Good morning. Advise please. I have the EVOD that operate on the single coil. Will the dual coil work on this device? 
Thank you.
Jannie


----------



## MurderDoll (23/2/15)

Couldn't resist.

Yeah. It depends which dual coil cleoromiser your wanting to use with it.


----------



## Jan Bike (23/2/15)

Zodd said:


> Couldn't resist.
> 
> Yeah. It depends which dual coil cleoromiser your wanting to use with it.


Tanks Zodd as I said the cleoromiser that I have is the original that came with the kit. The single coil model!


----------



## Andre (23/2/15)

It should work, but probably not very satisfactory. Dual coils like to have more power to drive it.


----------



## Jan Bike (23/2/15)

Andre said:


> It should work, but probably not very satisfactory. Dual coils like to have more power to drive it.


Thanks Andre that said I do have the Vision spinner 2 battery. The EVOD clearomiser fit on it. Could that be the solution?


----------



## Andre (23/2/15)

Jan Bike said:


> Thanks Andre that said I do have the Vision spinner 2 battery. The EVOD clearomiser fit on it. Could that be the solution?


So, if I understand you correctly, you want to use the dual coiled EVOD clearomizer on the Vision Spinner 2? If so, should be perfectly fine....a great combination.


----------



## Jan Bike (23/2/15)

Andre said:


> So, if I understand you correctly, you want to use the dual coiled EVOD clearomizer on the Vision Spinner 2? If so, should be perfectly fine....a great combination.


That is correct yes. I am going to try it out thank you Andre.


----------



## Jan Bike (23/2/15)

Jan Bike said:


> That is correct yes. I am going to try it out thank you Andre.

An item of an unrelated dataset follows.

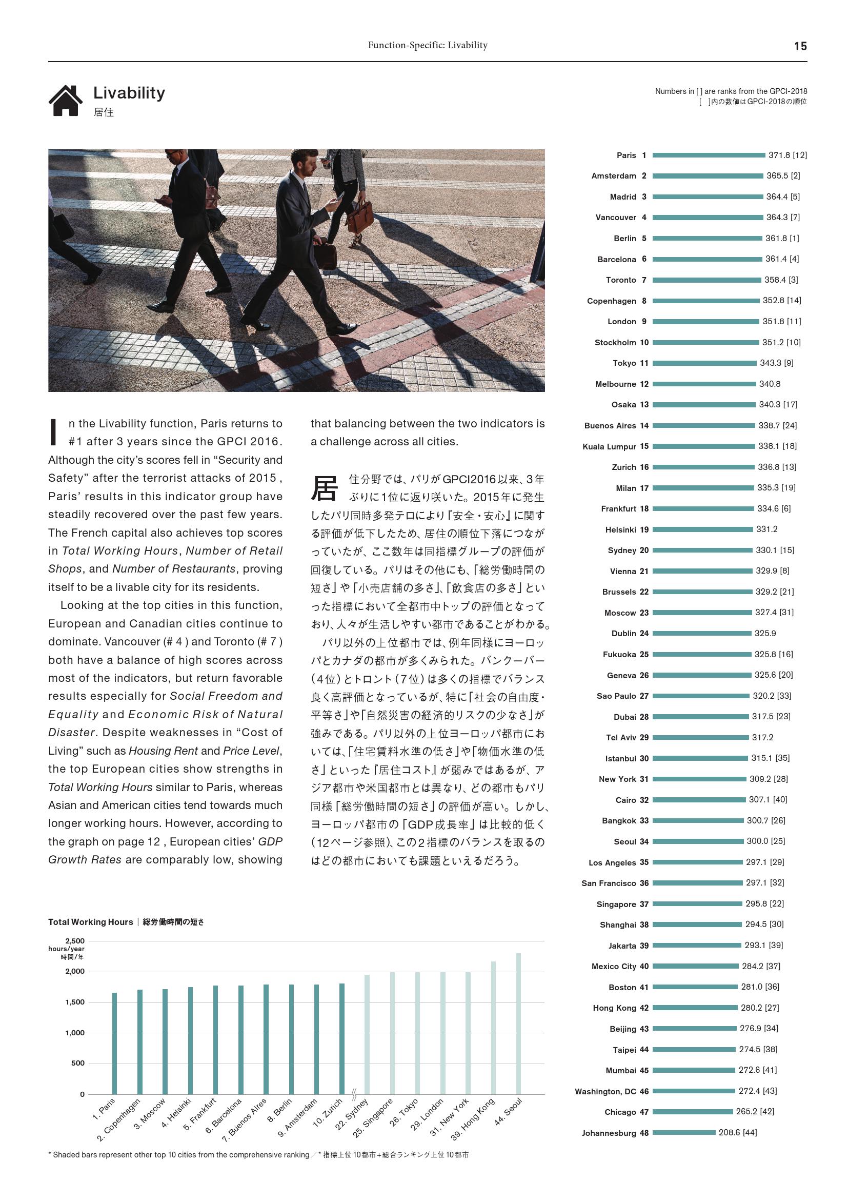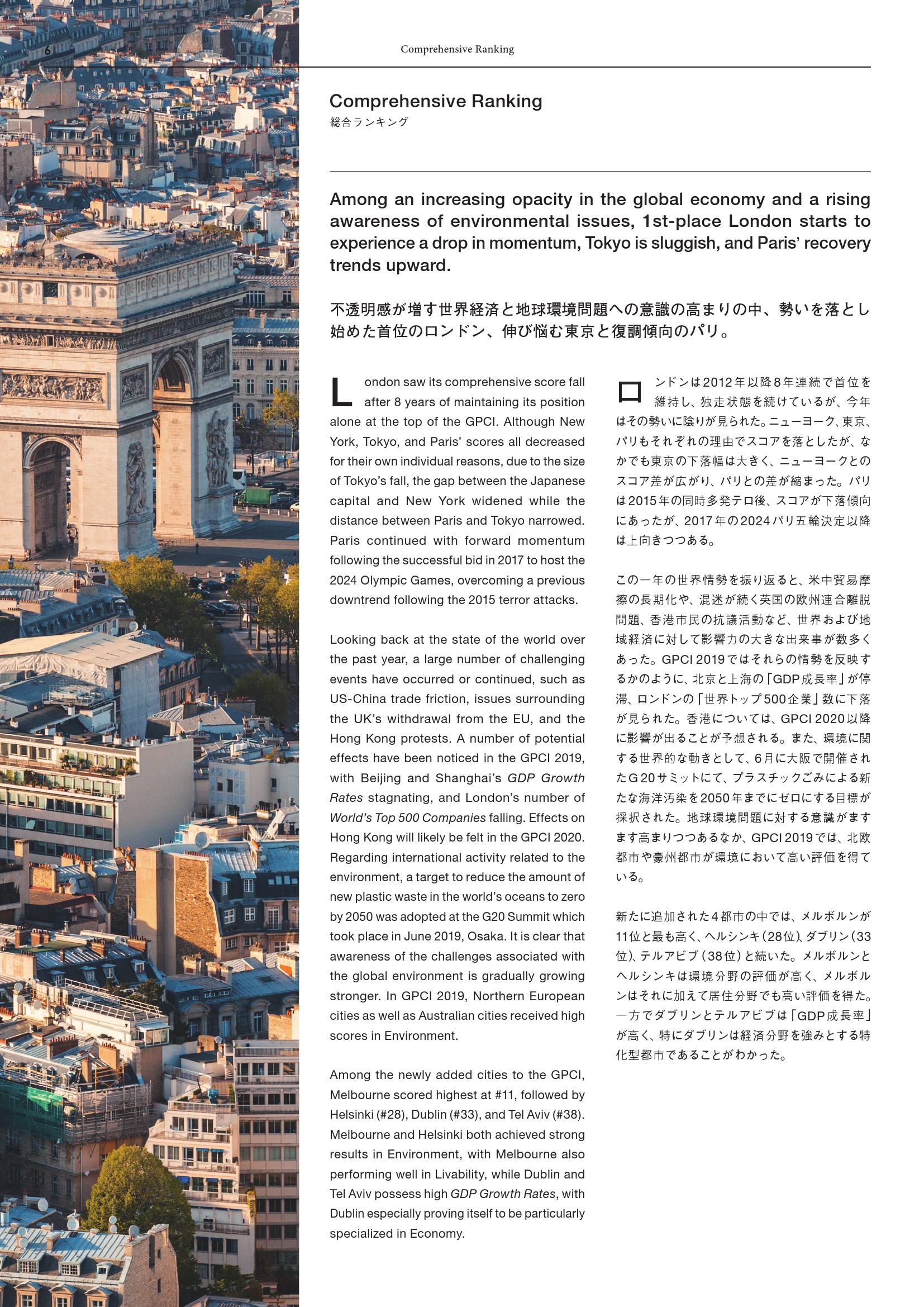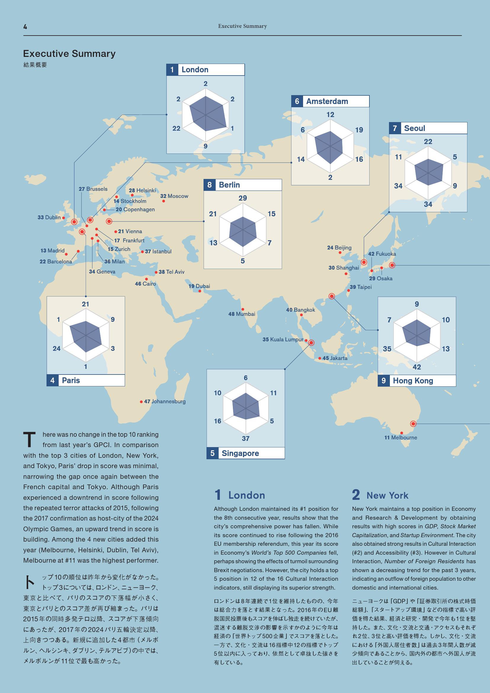 - 巴黎(第4名):在因2015年恐怖袭击导致得分下降之后,巴黎在“外国游客数量”和“谋杀案数量”两项的得分均有所改善。由于巴黎和东京将分别主办2024年和2020年奥运会,预计二者的城市实力之争将日益激烈。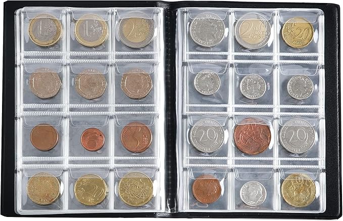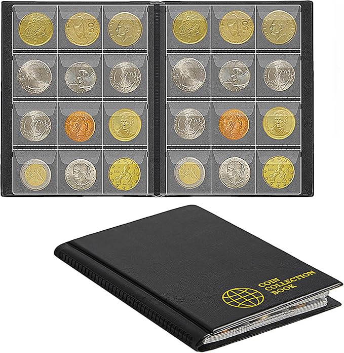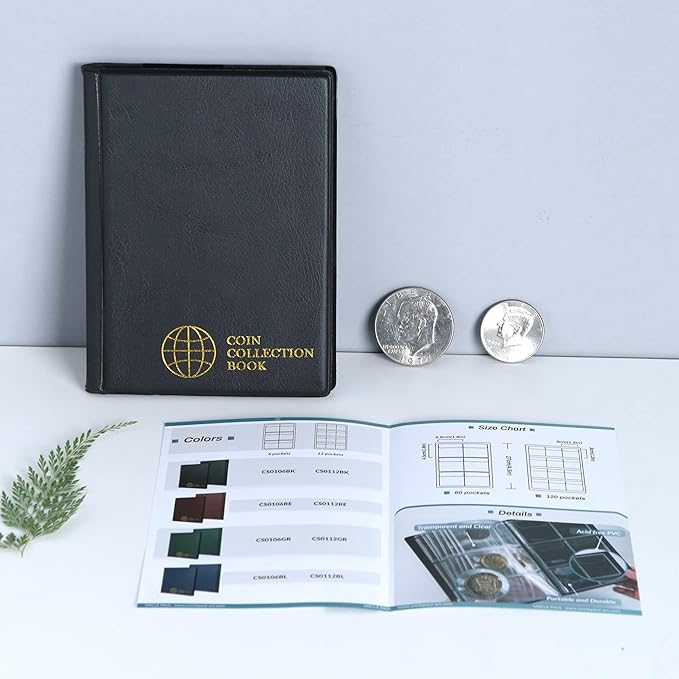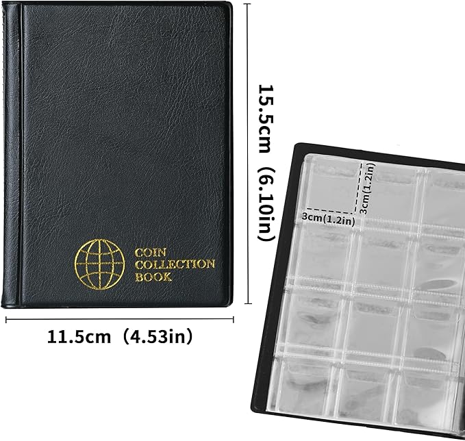コインコレクションアルバム 120ポケット - 3x3cm/1.2x1.2インチ コインホルダー ブックコイン収納アルバム マネーペニーポケット コレクター向け ブラック CS0112BK | oioioichan

I tried it out but the dual coil is to long for the clearomiser. So back to the drawing board.


----------



## BumbleBee (23/2/15)

I think there was some confusion here. The Dual coil unit (atomizer) like the one that fits the Mini ProTank 3 will not fit the single coil EVOD1 tank/clearomizer. The single coil from the EVOD1 will however fit a Dual Coil clearomizer like the mPT3 if an extra silicon grommet/seal is added on the base of the chimney section. All of these clearomizers are EGO threaded and will fit on any battery/mod with an EGO thread.

Reactions: Agree 1


----------



## Jan Bike (23/2/15)

BumbleBee said:


> I think there was some confusion here. The Dual coil unit (atomizer) like the one that fits the Mini ProTank 3 will not fit the single coil EVOD1 tank/clearomizer. The single coil from the EVOD1 will however fit a Dual Coil clearomizer like the mPT3 if an extra silicon grommet/seal is added on the base of the chimney section. All of these clearomizers are EGO threaded and will fit on any battery/mod with an EGO thread
> Thank you for the info BumbleBee


----------



## Andre (23/2/15)

BumbleBee said:


> I think there was some confusion here. The Dual coil unit (atomizer) like the one that fits the Mini ProTank 3 will not fit the single coil EVOD1 tank/clearomizer. The single coil from the EVOD1 will however fit a Dual Coil clearomizer like the mPT3 if an extra silicon grommet/seal is added on the base of the chimney section. All of these clearomizers are EGO threaded and will fit on any battery/mod with an EGO thread.


Thanks for clearing that up....I got lost. 
@Jan Bike, as far as I know the EVOD clearomizer is also available as a dual coil unit...yes, here it is - called the EVOD 2 (only R70): http://www.vapeclub.co.za/collectio...the-vapour/products/evod-2-dual-coil-atomiser

Reactions: Like 1


----------